Task objective:
Retype the data below exactly; skip every image.

Provided material:
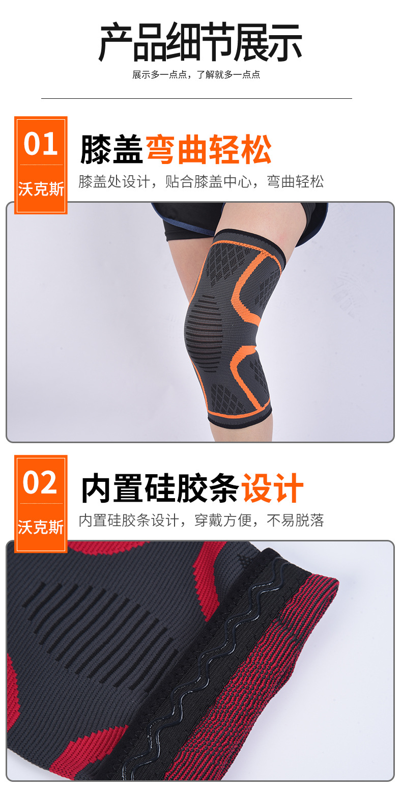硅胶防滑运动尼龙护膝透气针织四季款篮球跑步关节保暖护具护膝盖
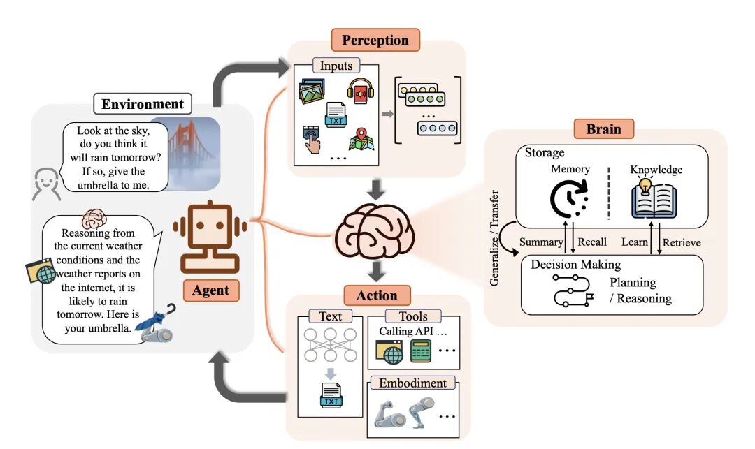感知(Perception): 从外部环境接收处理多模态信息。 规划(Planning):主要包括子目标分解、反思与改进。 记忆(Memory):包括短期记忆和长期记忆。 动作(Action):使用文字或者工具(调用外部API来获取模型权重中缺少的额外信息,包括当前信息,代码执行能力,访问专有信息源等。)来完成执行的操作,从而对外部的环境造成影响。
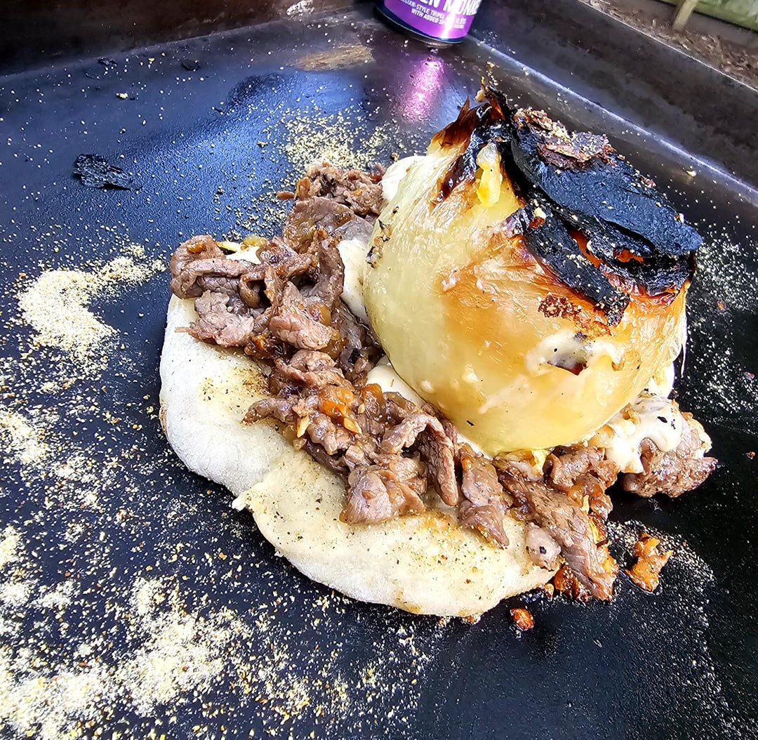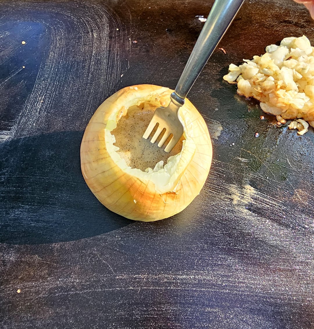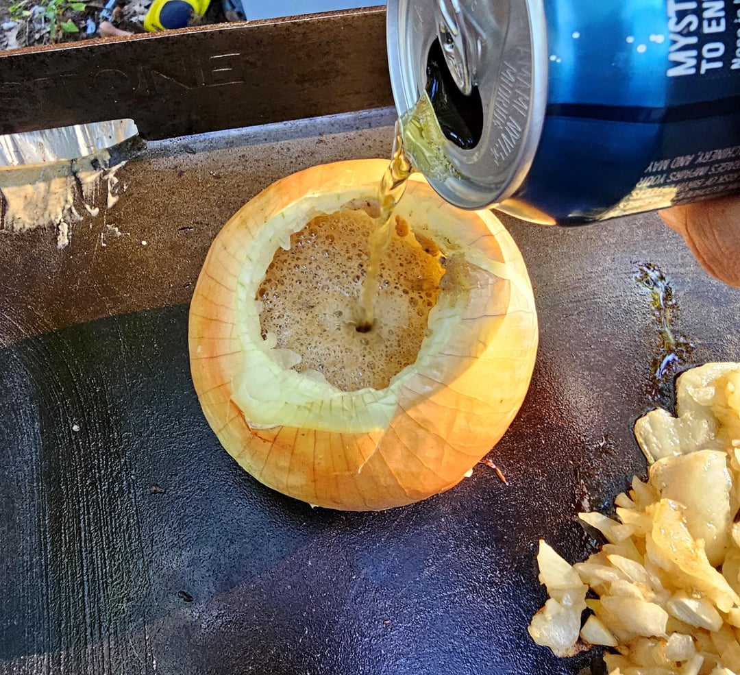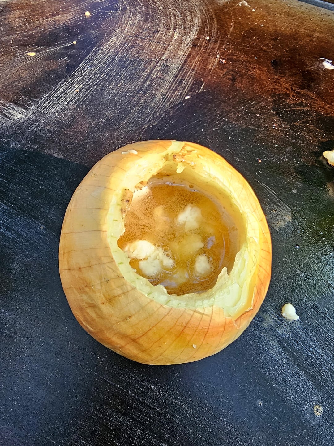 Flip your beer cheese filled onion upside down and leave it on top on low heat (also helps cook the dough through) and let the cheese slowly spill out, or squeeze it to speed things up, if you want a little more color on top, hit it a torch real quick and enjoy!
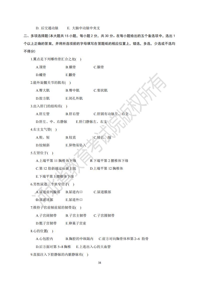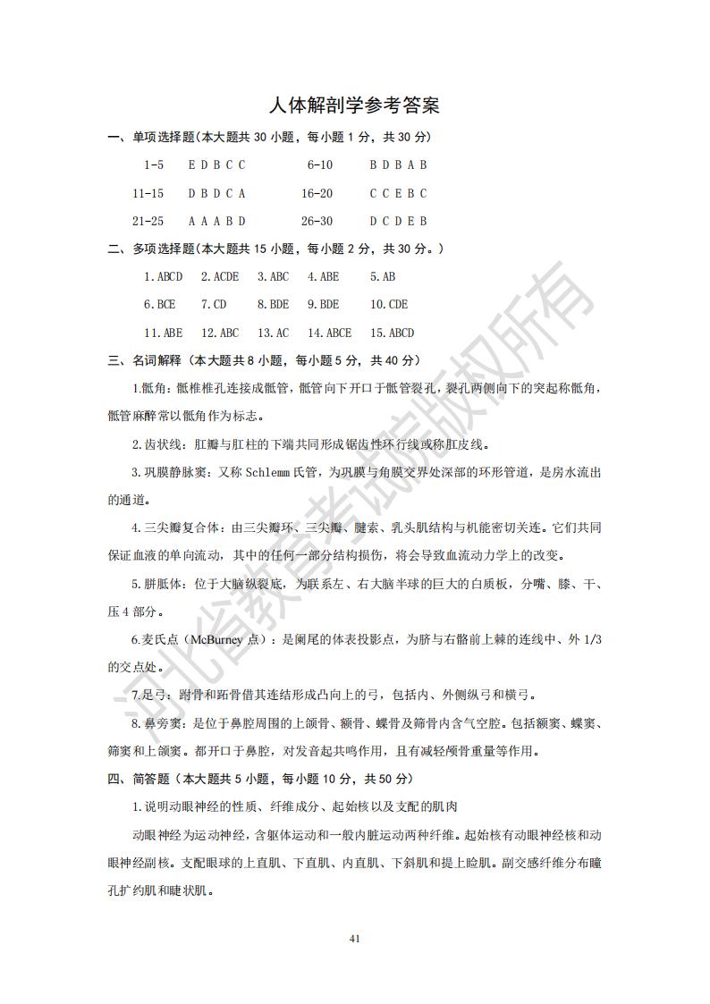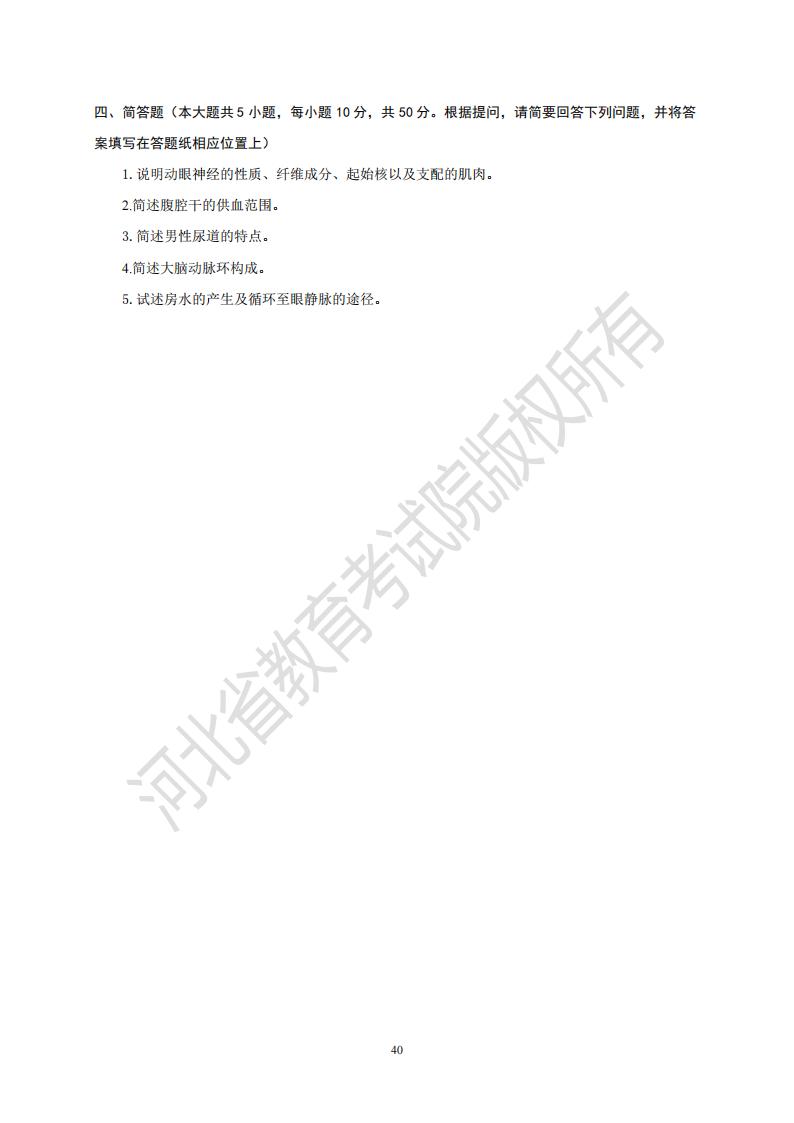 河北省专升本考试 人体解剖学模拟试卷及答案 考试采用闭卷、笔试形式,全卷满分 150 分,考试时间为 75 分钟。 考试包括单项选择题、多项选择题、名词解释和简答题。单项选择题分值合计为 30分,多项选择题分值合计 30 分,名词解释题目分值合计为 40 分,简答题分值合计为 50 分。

Answer to this problem:
硅胶防滑运动尼龙护膝透气针织四季款篮球跑步关节保暖护具护膝盖
感知(Perception): 从外部环境接收处理多模态信息。 规划(Planning):主要包括子目标分解、反思与改进。 记忆(Memory):包括短期记忆和长期记忆。 动作(Action):使用文字或者工具(调用外部API来获取模型权重中缺少的额外信息,包括当前信息,代码执行能力,访问专有信息源等。)来完成执行的操作,从而对外部的环境造成影响。
 Flip your beer cheese filled onion upside down and leave it on top on low heat (also helps cook the dough through) and let the cheese slowly spill out, or squeeze it to speed things up, if you want a little more color on top, hit it a torch real quick and enjoy!
 河北省专升本考试 人体解剖学模拟试卷及答案 考试采用闭卷、笔试形式,全卷满分 150 分,考试时间为 75 分钟。 考试包括单项选择题、多项选择题、名词解释和简答题。单项选择题分值合计为 30分,多项选择题分值合计 30 分,名词解释题目分值合计为 40 分,简答题分值合计为 50 分。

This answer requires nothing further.